Further breaking down the defect code B resulted in family defect code B05 to cause the

maximum number of defects overall. It is also the highest in March 2003.

- Unit S/N 165 accounted to maximum number of defects when the data was broken down

even more.

- On performing a more detailed analysis on the sorted data, we know that the maximum

numbers of defects were caused while performing the job number F1-07. Hence we would

focus on analyzing the respective job number to improve it and to reduce the defects within

F1.

- Further to the analysis, we found out that the Operations group is the one that is causing the

maximum defects. Hence improvement is needed on that group.

Therefore, Focusing on workstation F1 especially for the month of March 2003 with charge

backs N/A (internal defects), family defect code B05, Unit S/N 165, Job No. F1-07 and

group of Operations, Team F would be able to reduce the maximum number of defects.

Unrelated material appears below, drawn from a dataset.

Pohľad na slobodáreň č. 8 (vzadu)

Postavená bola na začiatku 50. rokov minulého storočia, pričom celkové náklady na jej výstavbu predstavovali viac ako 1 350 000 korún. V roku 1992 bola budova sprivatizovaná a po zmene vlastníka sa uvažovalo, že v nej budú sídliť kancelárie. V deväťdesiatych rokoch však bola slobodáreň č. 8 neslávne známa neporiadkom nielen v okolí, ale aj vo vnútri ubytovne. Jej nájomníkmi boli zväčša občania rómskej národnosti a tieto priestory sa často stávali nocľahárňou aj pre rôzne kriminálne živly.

Page 19: Quality final report

Quality Trend Analysis

19

5.1 CORRECTIVE ACTION PLAN:

The corrective action plan will be done using the Plan-Do-Check-Act problem solving

technique. Based on the trend analyses, areas of concern are recommended for process

improvement.

1. Since F1 is the one that is causing maximum defects, a thorough inspection team should

be at place to keep internal defects at the minimal. This is very important for team F since

it is the last team in the manufacturing flow and the final output of production maybe

input to customers in the form of finished goods.

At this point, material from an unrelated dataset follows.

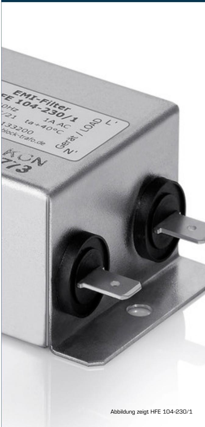
Abbildung zeigt HFE 104-230/1
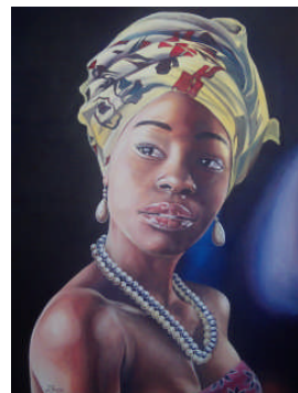
"Birth of Colors" 14.05. - 07.07.2017

2. Placing a very strong quality team (quality engineers, inspectors, etc.) to strengthen the

quality process to achieve ‘zero defects’

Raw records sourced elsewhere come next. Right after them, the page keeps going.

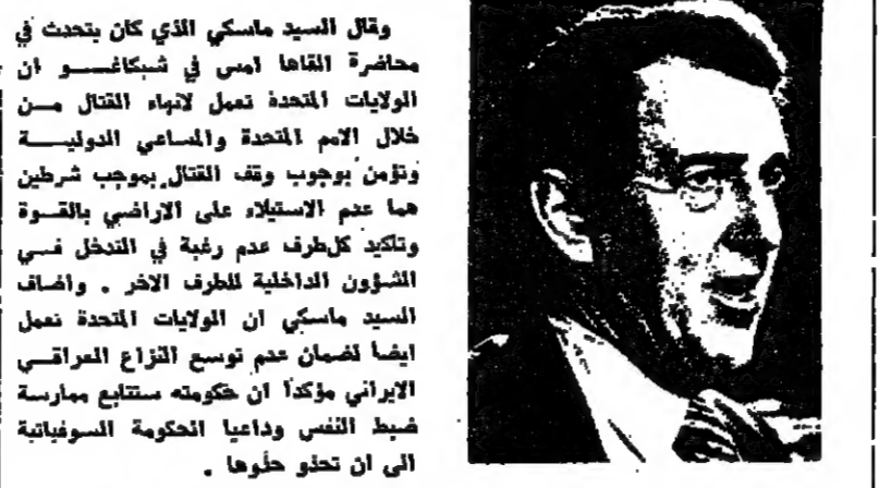
صدام حسين: العراق يفتتح بوضع اقتصادي جديدي رغم ظروف الحرب
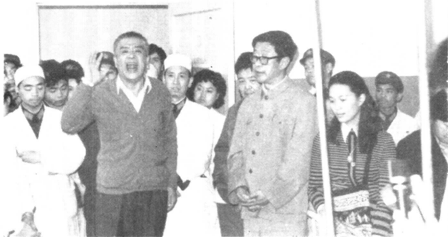
赴云南前线慰问解放军伤员。
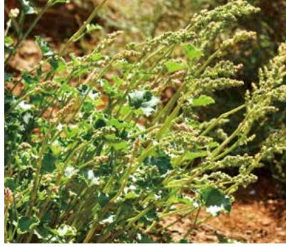
②中華山蓼。
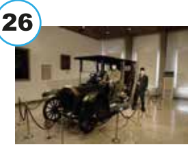
Mahmut Şevket Paşa'nın suikaste uğradığı araba
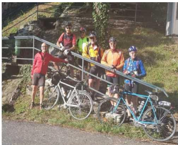
Départ du groupe cyclo
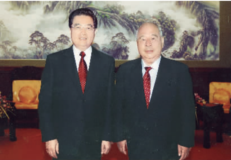
2009年10月1日，首都各界庆祝中华人民共和国成立60周年联欢晚会在北京举行。这是出席活动的胡锦涛同志与尉健行同志合影。

3. Pilot test the model to identify any technical issues and make changes as necessary in

order to reduce defects generating from family code B05.

4. Hold brainstorming sessions and organize team meetings with all the members that were

responsible for Job no. F1-07 as maximum defects had occurred while performing the

job.

5. Analyze and refine current tools and processes and ensure that equipments are up to date

with proper calibration thereby reducing machine wear and maintenance issues.

6. Employee training and seminars to be provided to refresh quality control standards and

deliver high quality products.

7. An improved quality plan in place which includes any process, procedure or system

changes requirement and any monitors or controls necessary to prevent recurrence of the

problem.

Once the above corrective actions are implemented to improve the efficiency of team F, we

would continuously monitor the process to make sure there is continuous improvement

according to the PDCA cycle.

Page 20: Quality final report

Quality Trend Analysis

20

6.1 CONCLUSION:

After reviewing the entire process we conclude that the workstation F1 needs the most

improvement due to high number of defects. The above corrective action plan will improve each

area assessed in workstation F1. Similarly, other workstations like F2, F3 & F4 would be

considered to develop corrective action plan (especially F2 which is the second most

contributing defect workstation) to improve overall efficiency and quality performance of team

F. However, that is not a part of our current analysis.

With potential utilization of all the statistical tools and problem solving techniques we believe

that the ideal quality aim of ‘zero defects’ can be achieved.